See the difference? That one little piece of punctuation can change the entire meaning of the sentence.

Let’s go back to what Birzer wrote. The two commas on either side of Rush indicate that the name of the band is, in fact, inessential – because there is only one Canadian rock trio! Forget for a moment that that may as well be true given Rush’s supreme awesomeness; the fact remains that it isn’t true.

Remember: Only use the “only” commas when the noun you’re referring to is the only one of its kind.

Oh, and by the way, please, please don’t let my pedantry—or the name of the publication—stand in the way of an otherwise great article by Birzer. It’s a nice remembrance of a truly influential man.

Brrr 🥶

Looks like winter has finally arrived. With the snow falling outside of our Spokane office (6-8 inches expected today with 3-6 more tomorrow) I can’t help but be thankful for a little snow. It could be worse… much worse. It could be 33 degrees below zero with a HIGH of -4 as the weekly forecast. Coming from someone who has lived through those dark, bone-chilling, ice-fog-filled weeks in the dead of January in Fairbanks… a little snow is pretty okay.

Downtown Fairbanks on Wednesday, January 8* — a day in which the high was expected to reach minus 37 under sunny skies (with lows dropping to minus 41) and with light winds bringing wind chills of minus 65 over the next two nights.

*Wednesday, January 8, at 12 p.m., mind you. 12 p.m.… NOON. HIGH NOON. The moment when the sun reaches its highest position in the sky. Welcome to Alaska in January.

“I’m getting better! I feel fine!”

Over at The Critic, Dominic Green makes a case for the death of rock and roll—40 years ago. While I agree that The Clash’s London Calling is a truly great rock album (“magnificently vital and varied”); and that, after the breakup of the Beatles, John Lennon “made no significant music”—I point I’ve been arguing for years—I’m not entirely sure Green proves anything other than that he doesn’t like post-1980 rock.

I don’t think there’s any question that the genre as a cultural signifier of youth and rebellion and all that is dead.
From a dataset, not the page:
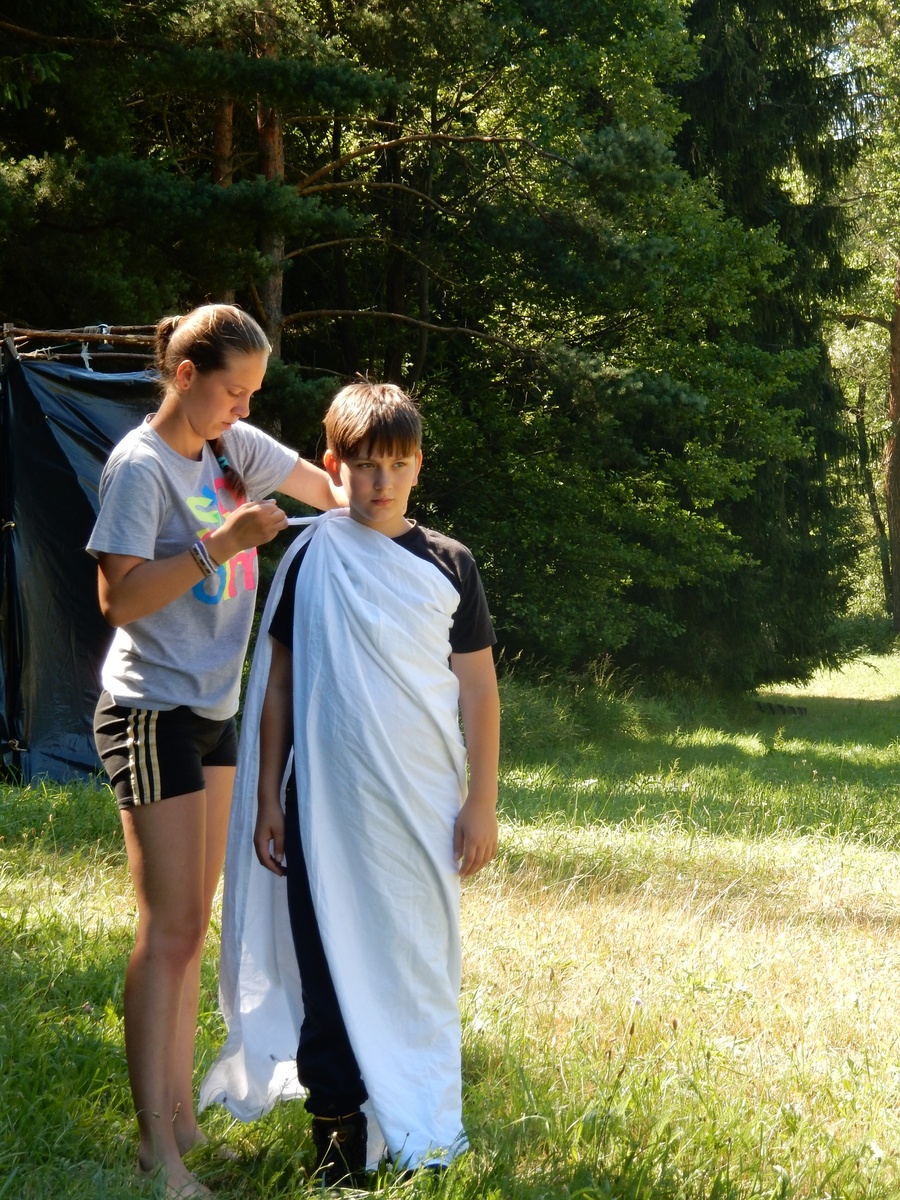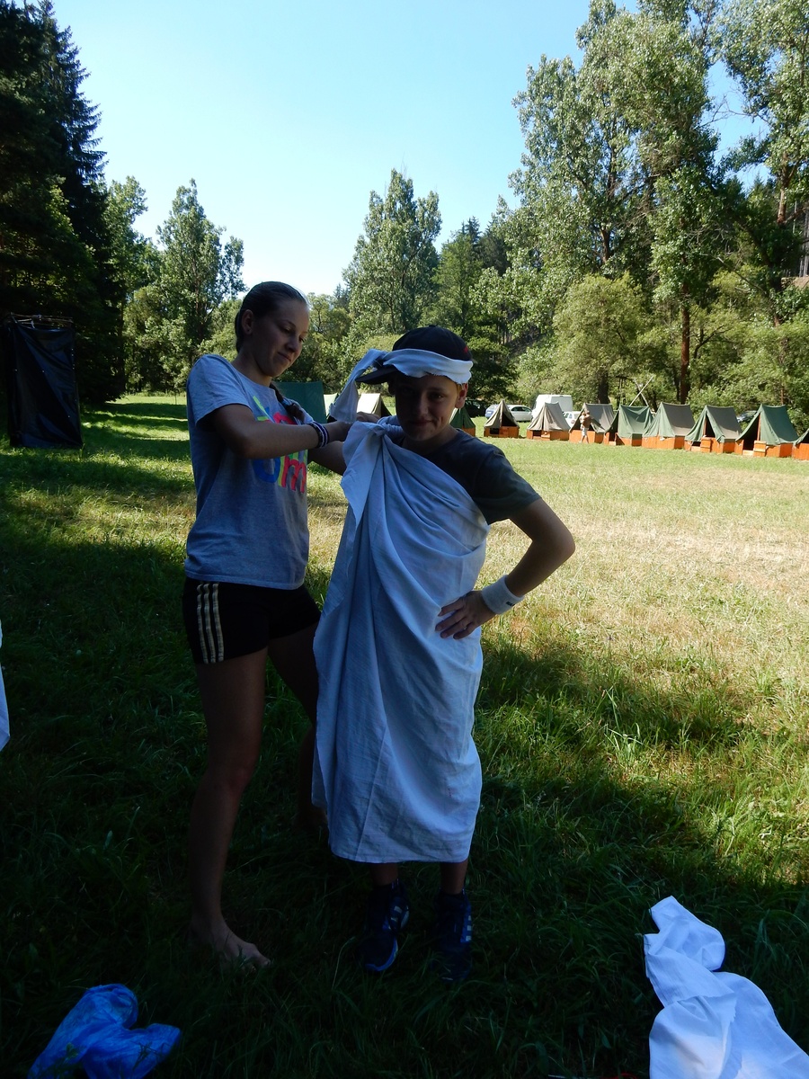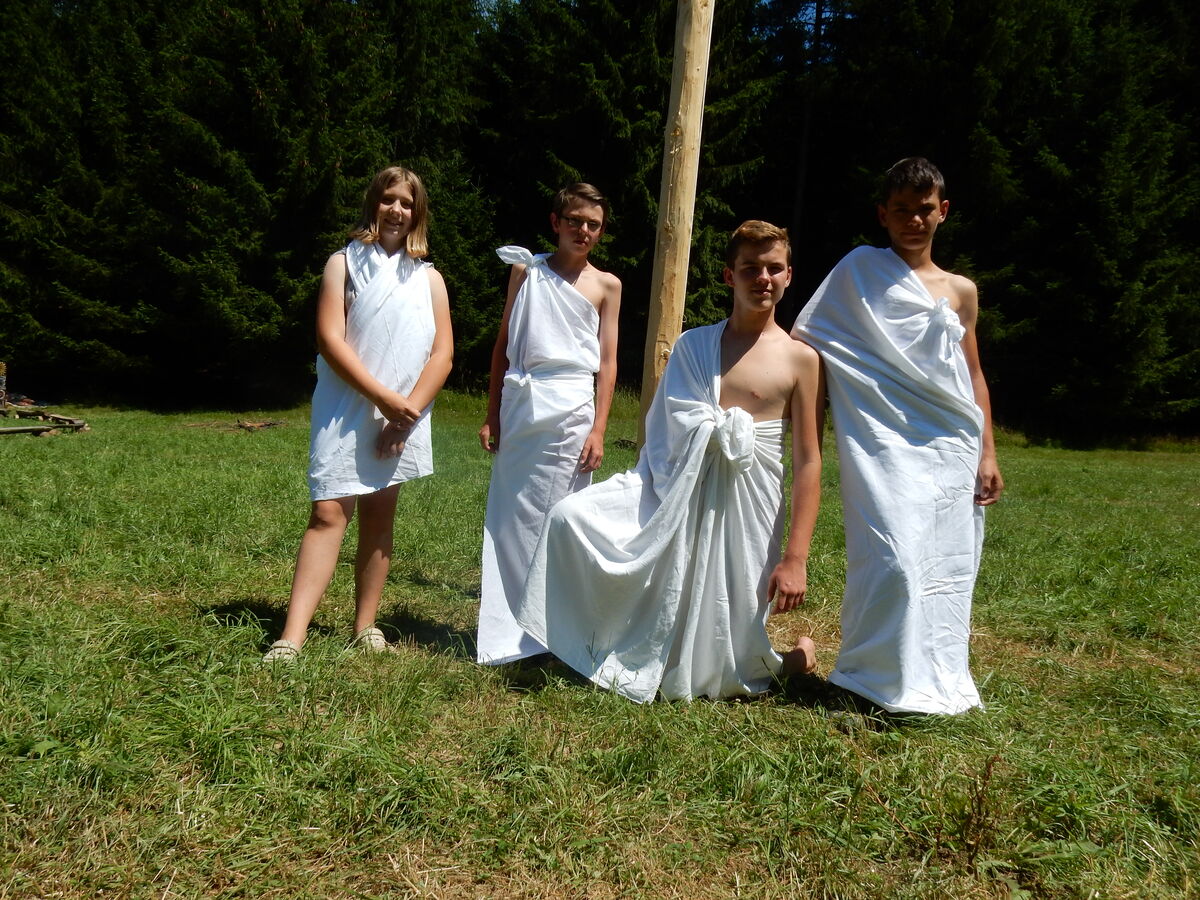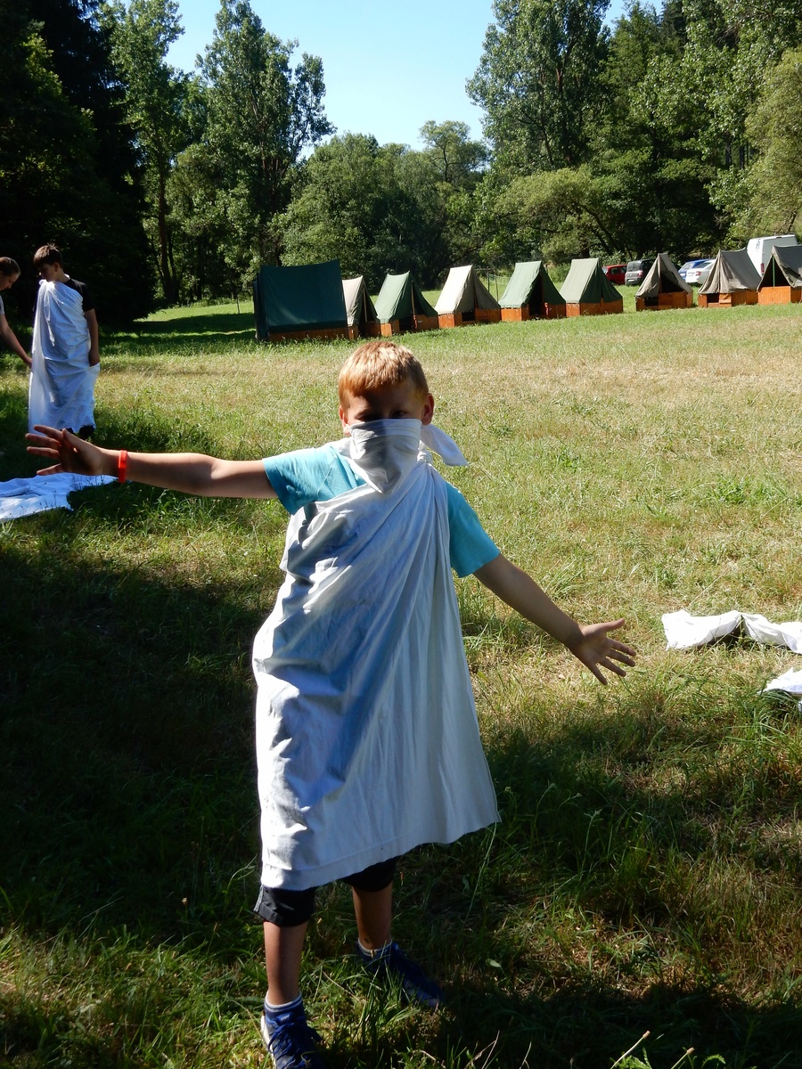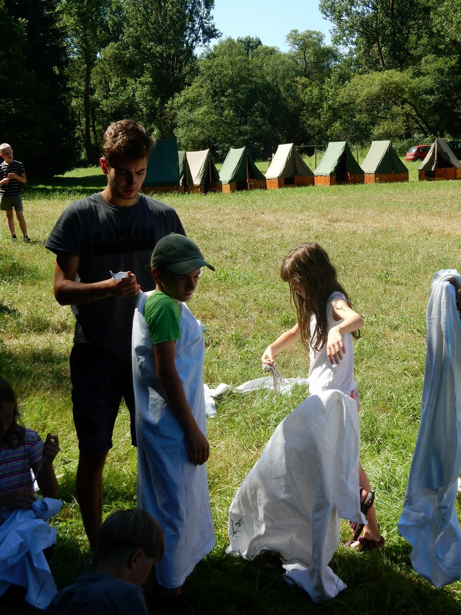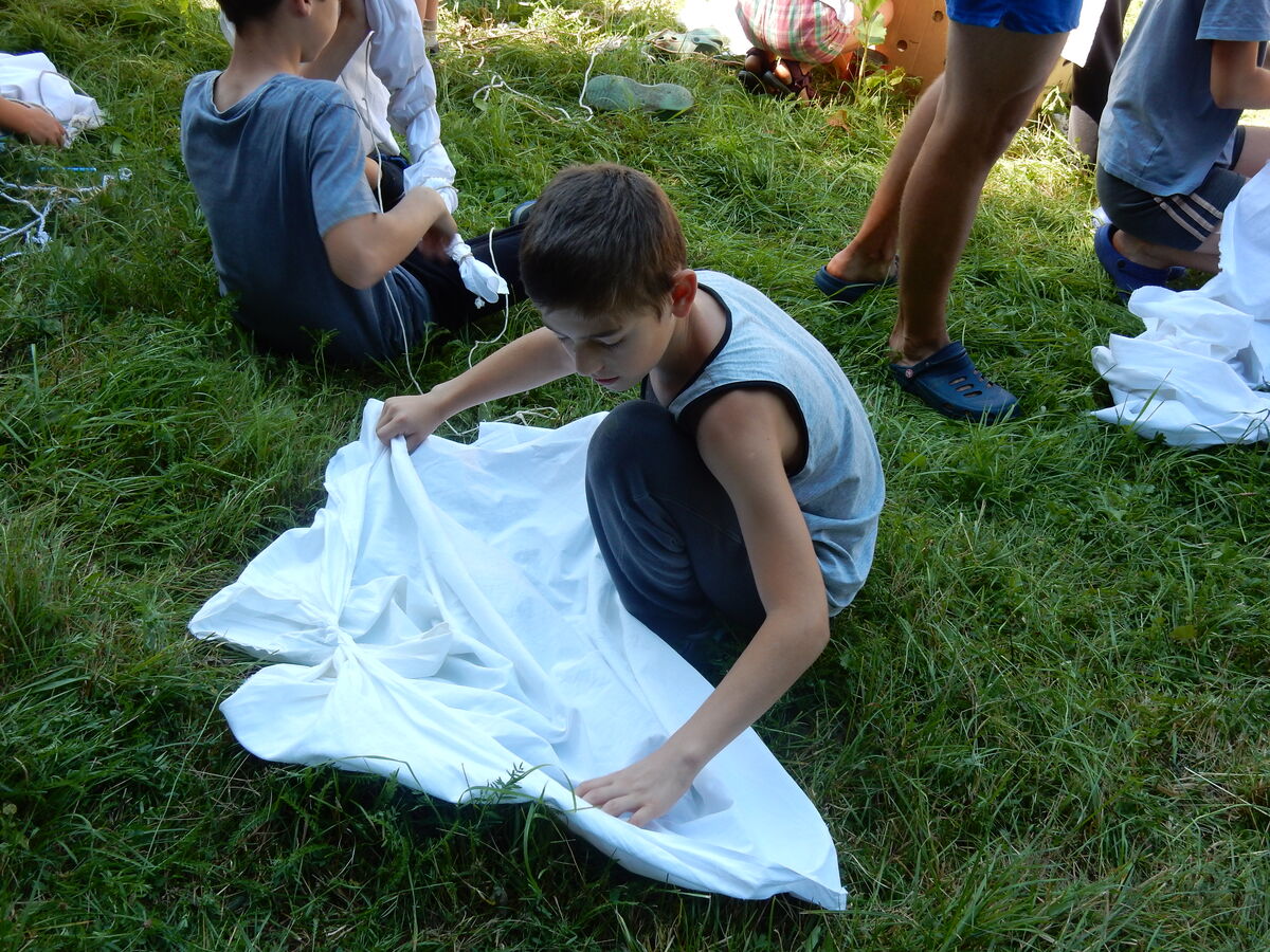 Druhý táborový den se rozjela celotáborová hra. Dopoledne mladší batikovali tógy, zatímco starší zakládali Síně předků a vábili vodní melodií Lernenskou hydru (ty flašky od piva, co jsou na fotkách jsme si půjčili v Kauflandu :-)). Odpoledne pak i straší i mladší razili k rybníku na Americe, kde byla etapa ve znamení boje s hydrou. Ochlazení ve vodě přišlo všem vhod, bylo opravdu teplo. Po večeři a sněmu probíhaly sportovní hry v táboře. Zítra nové fotky nečekejte, neb razíme na puťák a tam to s internetem bude všelijaký. Snad pozítří... Jura

I mean, if Lars Ulrich going after Napster back in 2000 doesn’t prove that, I don’t know what does. But rock and roll is still quite alive musically. And, politics aside, that’s really all that matters, isn’t it?

[barfing-face emoji]

Well, we had a pretty good run, humanity. After watching this, I’d say we as a species deserve to die in the coming hellfire.

There’s more info over at the Rokshok website—such as a three-step “How It Works” that was apparently written for morons.

I give up, folks.

Well hello there, 2020

Welcome back, folks. How were the holidays? Restful? Good. Let’s get back into the swing of things with the latest in Curated Content™ delivered straight from the bowels of helveticka world headquarters.

Preach it: Lake Superior State University’s 45th annual List of Words Banished from the Queen’s English for Mis-use, Over-use and General Uselessness.

Can a new book make learning Greek sexy? Yes. Yes, it can.

Against minimalism.

Politico Magazine asked a group of historians to put all that happened over the past 10 years in its proper historical context—and literally write the paragraph that they think will describe the 2010s in American history books written a century from now.” The results are uneven, frustrating, maddening—and fascinating.

Wearing lipstick is now an act of…resistance? Um, okay.